Ostatecznie derbowa rywalizacja zakończyła się remisem 45:45
.

W rundzie zasadniczej dwa przekonywujące zwycięstwa odniósł klub toruński. Na torze w Bydgoszczy rozbił przeciwnika w stosunku 51:39, natomiast w lipcowym rewanżu na Motoarenie pokonał Polonię 56:34. Wyniki z fazy zasadniczej mogłoby wskazywać, że obrońca tytułu mistrza Polski jest zdecydowanym faworytem w tej parze. Tak jednak wcale nie stało, bo bydgoszczanie, którzy rzutem na taśmę awansowali do fazy play-off, spisywali się znacznie lepiej niż na początku sezonu, a na dodatek Torunianie przystąpili do spotkania bez swojego kapitana Wiesława Jagusia, za którego wprowadzono zastępstwo zawodnika.

Spotkanie dostarczyło niesamowitych emocji, już od pierwszego wyścigu, w którym najszybciej ze startu wyszła para bydgoska: Emil Sajfutdinow i Szymon Woźniak. Na drugim łuku kapitalnym atakiem po zewnętrznej popisał się Darcy Ward, wyprzedzając rywali i nie oddając prowadzenia do mety. Emil atakował zaciekle Australijczyka to po małej, to po dużej, ale nieskutecznie. Po trzecim wyścigu kiedy to para Sullivan - Miedziński zwyciężyła rywali podwójnie torunianie wyszli na prowadzenie, jednak radość przyjezdnych nie trwała długo bowiem dwa następne biegi Polonia zwyciężyła w stosunku 4:2 i po pięciu wyścigach na tablicy wyników widniał rezultat 15:15. Następna gonitwa była bardzo nerwowa ze względu na tasowanie się sportowców. Ze startu atomowo wyszli zawodnicy miejscowej drużyny Emil Sayfutdinow i Krzysztof Buczkowski. Tuż za nimi jak cień podążali Adrian Miedziński i Ryan Sullivan. Najpierw "Buczka" wyprzedził po zewnętrznej "Miedziak", a następnie to samo powtórzył Ryan Sullivan. Po sześciu odsłonach na tablicy świetlnej widniał remis 18:18.
W biegu siódmym startujący jako zastępstwo za "Jagodę" - Sullivan nie zdołał sprostać Jonsonowi, a Warda pokonał Buczkowski i bydgoszczanie objęli prowadzenie które powiększyli w biegu ósmym. Gdy po stracie do kolejnego biegu wydawało się, że Polonia będzie powiększać przewagę, bo tuż po starcie na czele znalazł się Tomasz Chrzanowski, ale wyniosło go na zewnętrzną, gdzie jechał jego partner Andreas Jonsson.
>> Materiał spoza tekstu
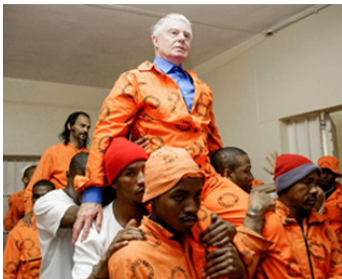
2012 JAIL CAESAR (Jail Caesar) de Paul Schoolman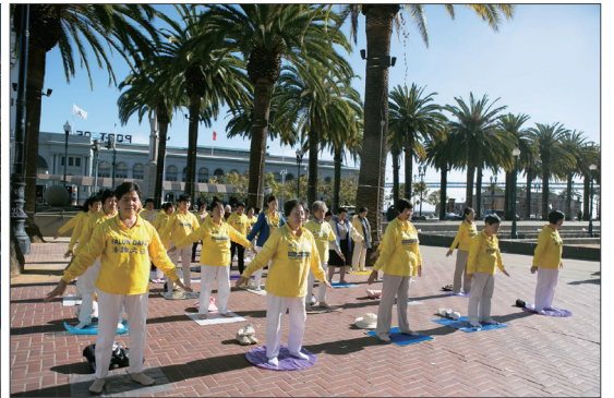
法轮功学员在旧金山市区的公园、广场和地标景点，举行集体炼功、讲真相微签。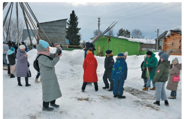
НявремЌт юнтлЌт. К. Супрун миом хурЌт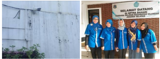
Gambar 5. Kamera CCTV dan para pengelola RPTRA Bahari.

rumah warga. RPTRA juga dilengkapi pagar dan kamera CCTV pada pintu masuknya. Untuk menjaga keamanan dan menghindari kriminalitas, maka pada malam hari pagar RPTRA digembok sehingga RPTRA tidak bisa dikunjungi. Juga terdapat pengelola RPTRA berjumlah 5 orang yang bertugas mengawasi anak-anak ketika berada di RPTRA.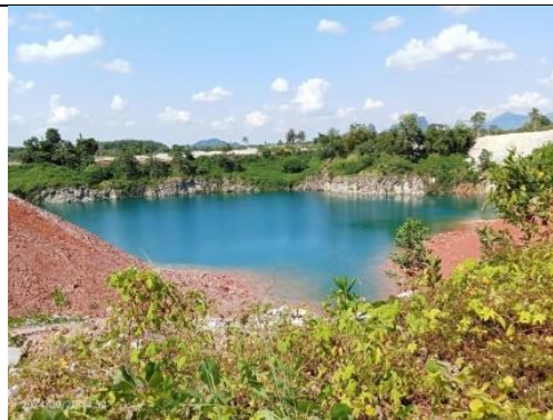
รูป B Sump ในบ่อเหมือง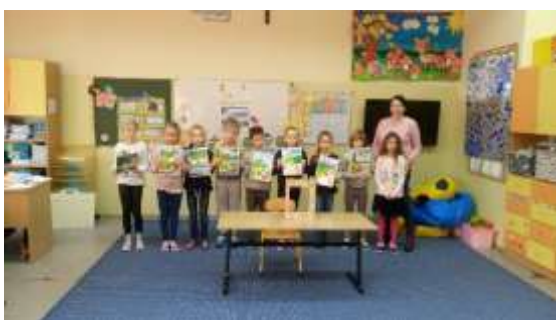
Kl. 2A gościnnie u kolegów z klasy „0”.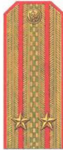
Подполковник (парадная форма одежды)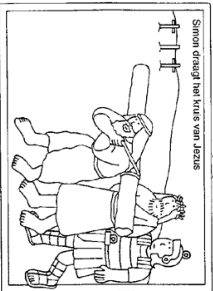
Simon draagt het kruis van Jezus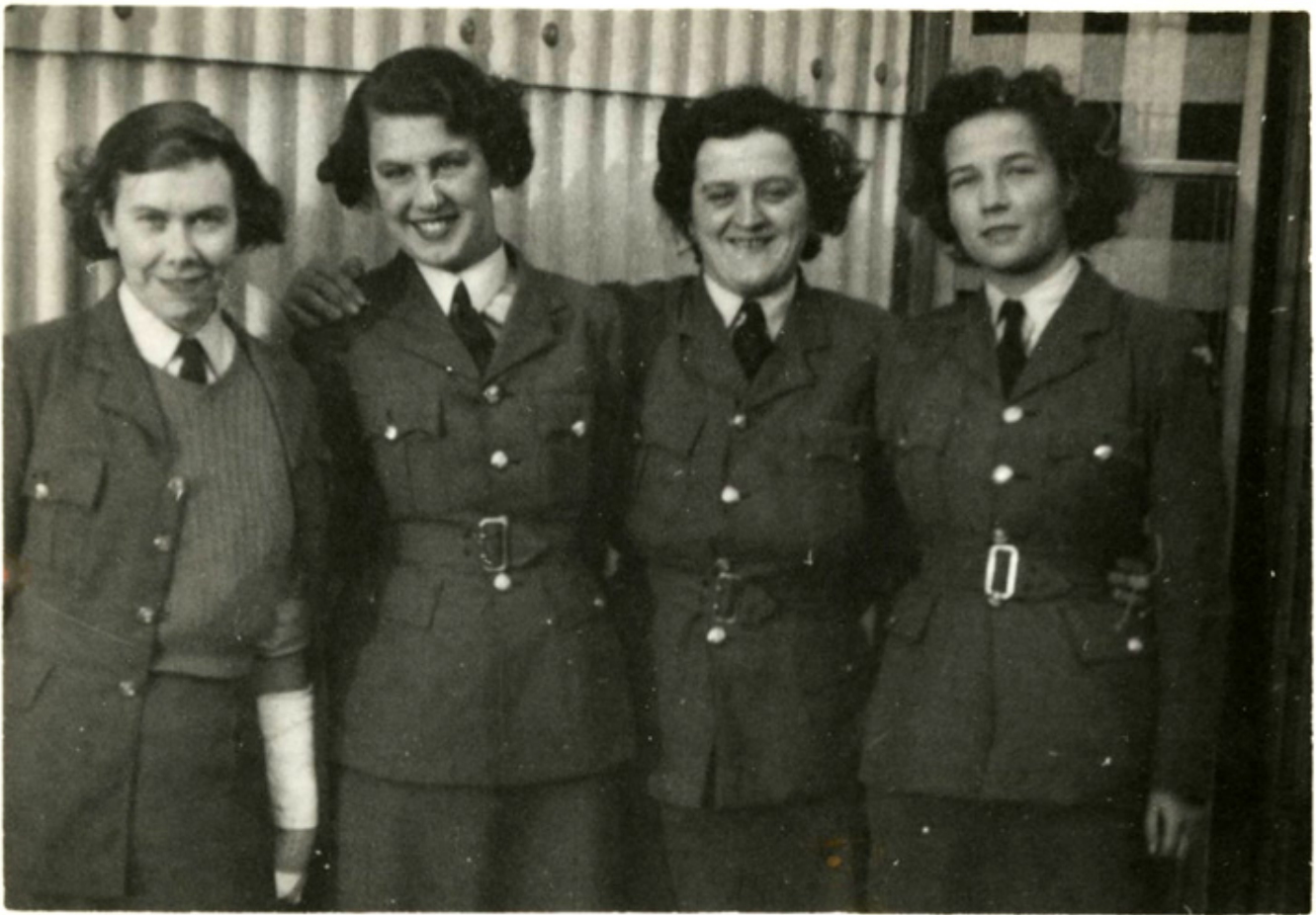
Christine Brooke-Rose (pierwsza z prawej) w mundurze WAAF, zanim poszła do Bletchley Park.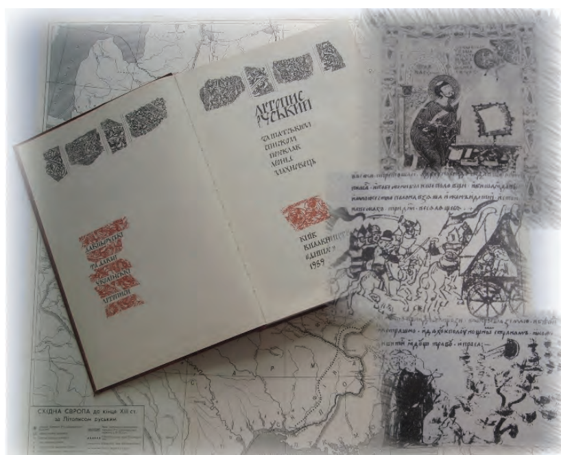
Іл. 8. Перший документальний науково-академічний переклад «Літопису руського» українською мовою.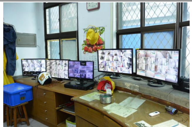
辦理日期：103 年 10 月 照片說明：監視器畫面（警衛室）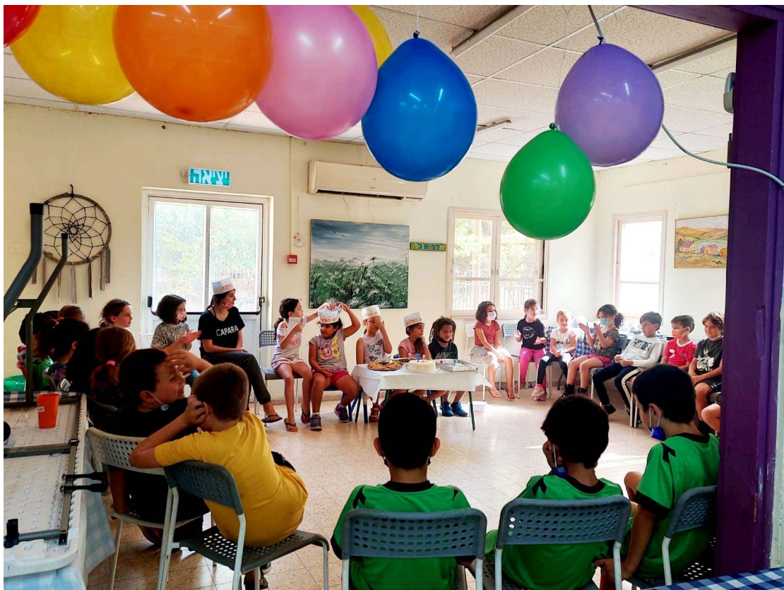
(המשך בעמ' 22)

בחודשי הפעילות הראשונים היו הילדים עסוקים בעיקר בקליטת ילדי א' החדשים ובהעברת את נורמות וכללי המקום. בשבוע שעבר יצאו ילדי המרכזון למבצע מכירת מטבוחה ביתית, כדי לממן לעצמם רכישת ציוד ספורט. אתם מוזמנים להגיע מידי יום ב' בין השעות בין 16:30 – 17:00 למרכזון עם צנצנת מהבית ולמלא אותה במטבוחה משובחת. בשבוע האחרון עוסקים הילדים בחג הקיבוץ. מעיינים בעלונים ישנים, מברכים את הקיבוץ. ביום שישי יעלו למבצר וישחקו בקיבוץ של פעם, כולל נצורים במבצר וכו'. מתכוננים לחופש חנוכה.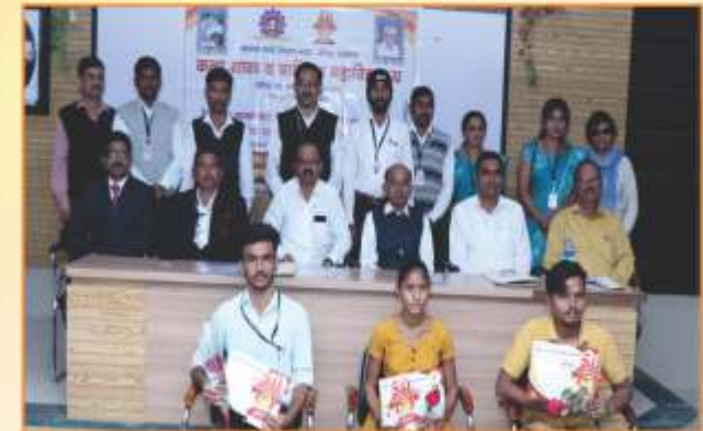
के. दादासाहेब डॉ. सुरेश जी. पाटील कनिष्ठ महाविद्यालय राज्यस्तरीय वक्तृत्व स्पर्धेत विजेत्यां समवेत मान्यवर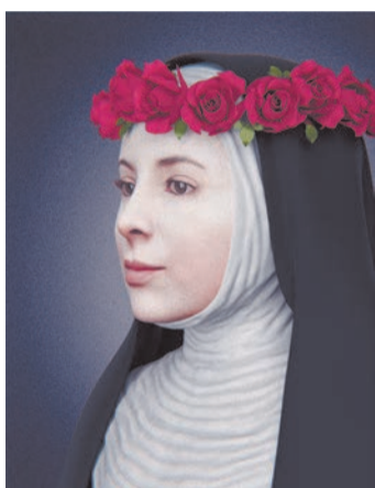
Свята Роза з Ліми (20.IV.1586-26.VIII.1617)

Свята Роза народилася в Перу. В дитинстві вона дуже страждала. З огляду на заборону матері, вона не могла вступити до монастиря, хоча й дуже цього прагнула. Свята Роза мешкала сама у саду батьківського дому; вона вирощувала квіти і лікарські трави та вишивала. Так Роза намагалася допомагати родині. Свята переживала глибокі містичні досвіди, писала чудові духовні гімни та виконувала їх, акомпануючи собі на гітарі.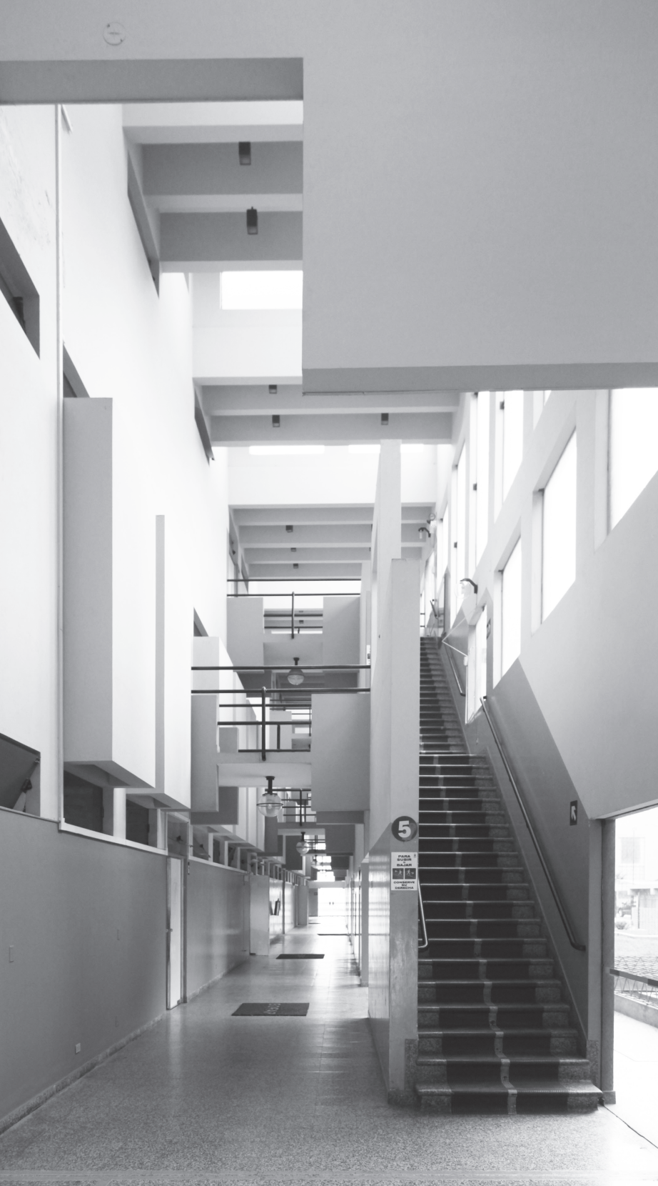
Fotografía 7 Escuela de Oficiales de la Fuerza Aérea del Perú. Interior de la residencia

canónicas del movimiento moderno (en su longitudinalidad y estereotomía) con elementos extraídos de la cultura peruana de construcción de pequeñas luces y columnas de sección cuadrangular de dimensión casi mínima. Probablemente haya una vuelta al localismo, que en casos como el de Stirling alimentaban la ironía de la construcción vernácula en los grandes edificios.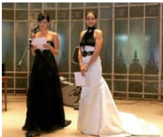
Las presentadoras del evento, María José Suárez y Elsa Anka.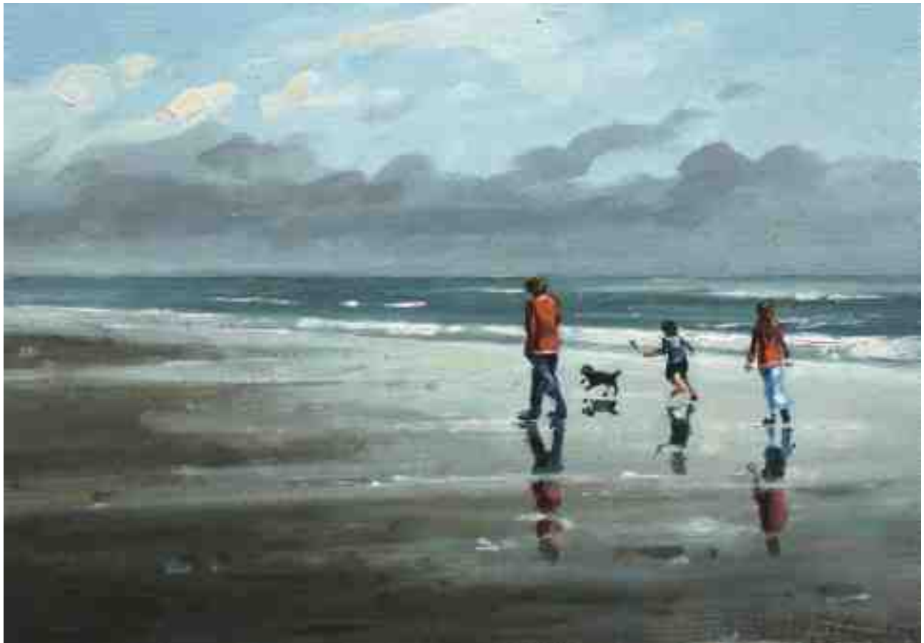
Am Strand III 2015 | Öl/Karton | 14 x 20 cm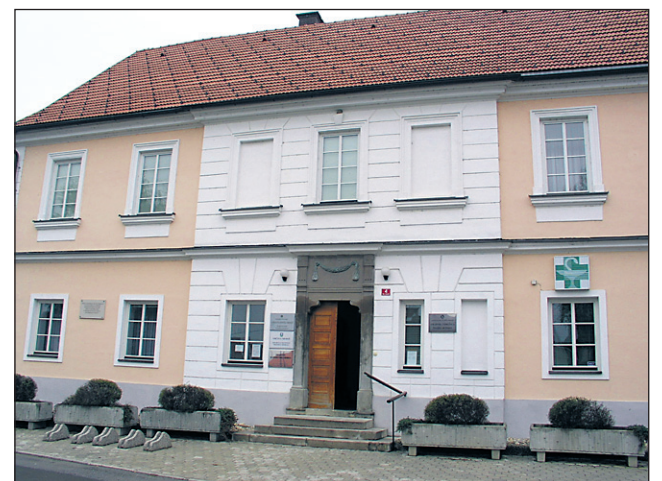
Bo krajevna upravna zgradba kmalu postala občinska?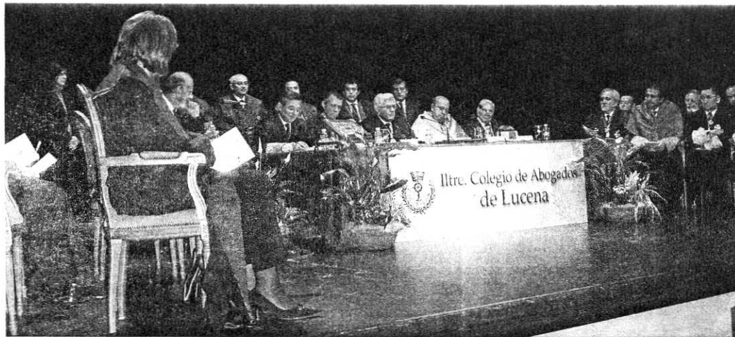
Un momento de la fiesta anual celebrada ayer por el Ilustre Colegio de Abogados de Lucena en el Palacio de Erisana.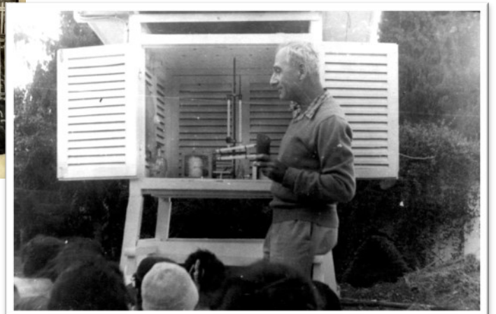
התחנה המטאורולוגית בבית גורדון

Popularny "Adrenalina" musiał ostro zwolnić i spadł na ostatnie miejsce. Na domiar złego na kolejnym okrążeniu para Unibaxu wyprzedziła prowadzącego "Chrzanka" i wygrała bieg podwójnie i znowu w meczu był remis. Następne biegi też należały do zespołu gości. Dwukrotnie zwyciężyli 4:2 i objęli prowadzenie w pojedynku 31:35. W tym momencie szczęście uśmiechnęło się do trenera gospodarzy, który przed dwunastym wyścigiem postanowił zostawić w parkingu Emila Sajfutdinowa, a do boju puścił młodziutkiego Szymona Woźniaka. I ku zaskoczeniu wszystkich, to właśnie wychowanek Polonii okazał się bohaterem dnia, bo jego zwycięstwo nad Holderem i Wardem otworzyło bydgoszczanom drogę do wywalczenia remisu. - Jeszcze to do mnie nie dociera. Na pewno takie zwycięstwo podbuduje mnie psychicznie, bo przecież wygrałem nie byle z kim - dodał Woźniak.
Start Woźniaka pozwolił na desygnowanie do czternastego biegu Emila Sajfutdinowa. I tutaj po raz kolejny szczęście uśmiechnęło się do gospodarzy, bo za Rosjaninem przyjechał tracący w niedzielę punkty na dystansie Krzysztof Buczkowski. Podwójna przegrana torunian spowodowała, że o ostatecznym wyniku musiał zadecydować bieg piętnasty. Tutaj kapitalnym startem popisał się Adrian Miedziński. Widząc to bydgoszczanie skupili się na obronie remisu, choć Sullivan do końca atakował Jonssona. Podział punktów oznaczał, że przed rewanżem obie drużyny miały praktycznie takie same szanse na awans do półfinału. Dlatego jeszcze kilkanaście minut po meczu działacze obu klubów nerwowo wyczekiwali na wieści z Gorzowa. Na szczęście dla nich Falubaz pokonał Caelum Stal 46:44.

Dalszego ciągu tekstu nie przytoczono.